**What you should do**
A word-for-word copy of the records below is needed, without the images.

**Data section**

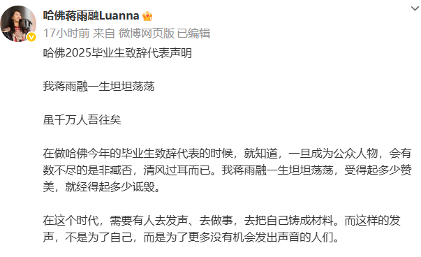 25岁的蒋雨融来自中国青岛,获得哈佛大学国际发展方向的公共行政硕士学位。此前,有标注为“哈佛蒋雨融Luanna”账号以《哈佛校史第一位中国女毕业生代表致辞,全场泪崩》为题分享视频介绍自己,并称“本不是想在公共平台抛头露面的人”“总还是有人得站出来去争取发声”。
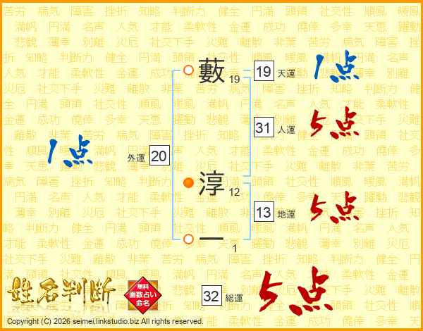 藪淳一さんの総運は32画の5点!
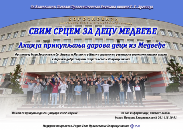 Đaci Bogoslovije „Svetih Kirila i Metodija“ u Nišu u saradnji sa učenicima veronauke niških škola i Verskim dobrotvornim starateljstvom Eparhije niške organizuju akciju prikupljanja pomoći deci iz Medveđe.
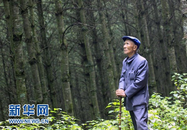 守望這片林子的楊善洲老人(資料照片)。新華社發(fā)
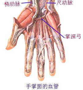 (4)掌浅弓和掌深弓:由尺、桡动脉的终末分支,互相吻合而成。 (4) the superficial palmar arch and deep palmar arch: by foot, the terminal branches of the radial artery, consistent with each other together.
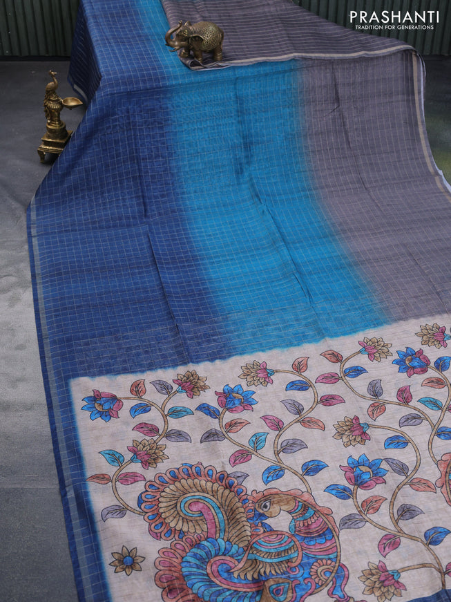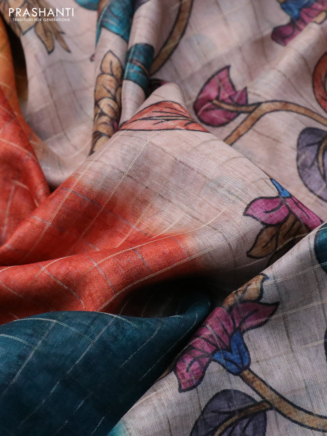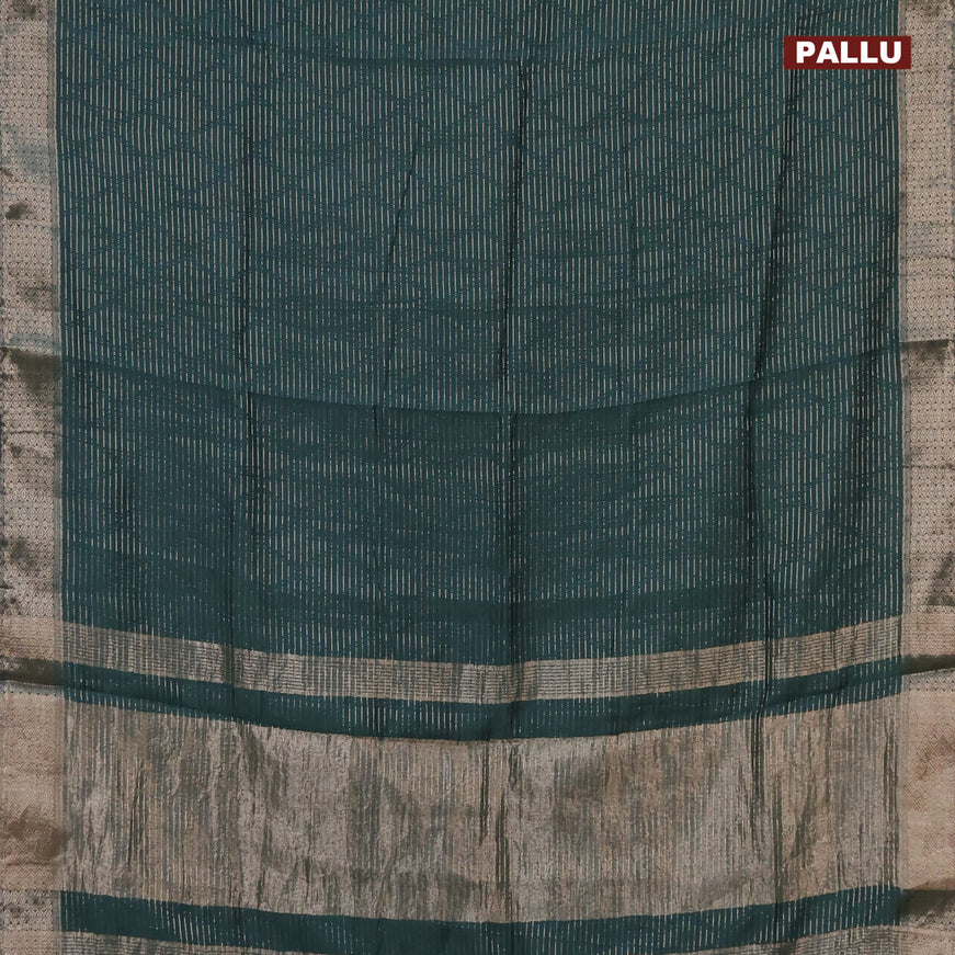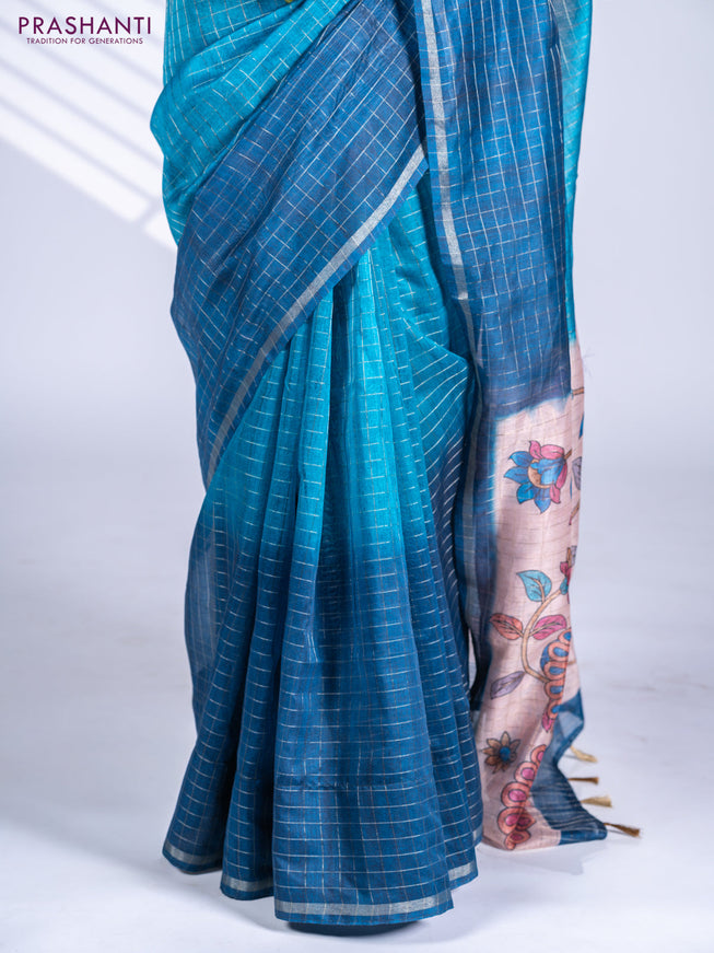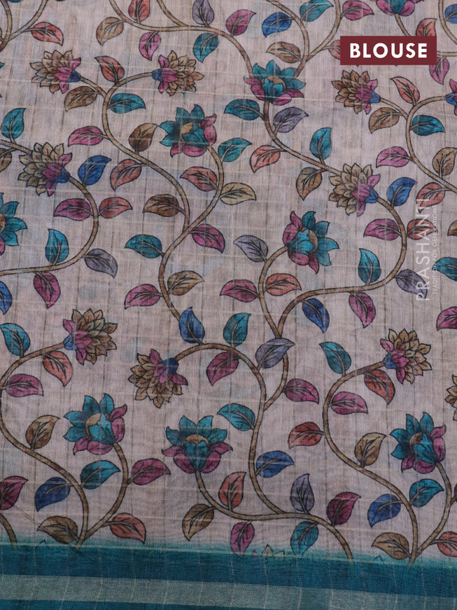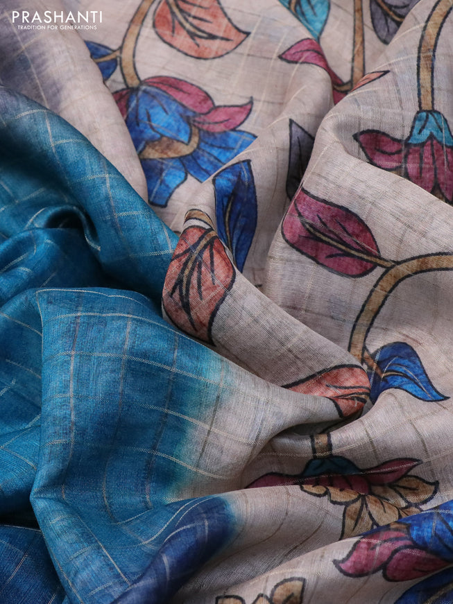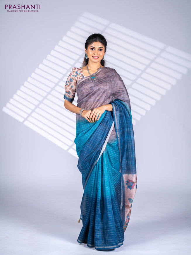 Semi chanderi saree beige and peacock blue with...

**The answer**
 25岁的蒋雨融来自中国青岛,获得哈佛大学国际发展方向的公共行政硕士学位。此前,有标注为“哈佛蒋雨融Luanna”账号以《哈佛校史第一位中国女毕业生代表致辞,全场泪崩》为题分享视频介绍自己,并称“本不是想在公共平台抛头露面的人”“总还是有人得站出来去争取发声”。
 藪淳一さんの総運は32画の5点!
 Đaci Bogoslovije „Svetih Kirila i Metodija“ u Nišu u saradnji sa učenicima veronauke niških škola i Verskim dobrotvornim starateljstvom Eparhije niške organizuju akciju prikupljanja pomoći deci iz Medveđe.
 守望這片林子的楊善洲老人(資料照片)。新華社發(fā)
 (4)掌浅弓和掌深弓:由尺、桡动脉的终末分支,互相吻合而成。 (4) the superficial palmar arch and deep palmar arch: by foot, the terminal branches of the radial artery, consistent with each other together.
 Semi chanderi saree beige and peacock blue with...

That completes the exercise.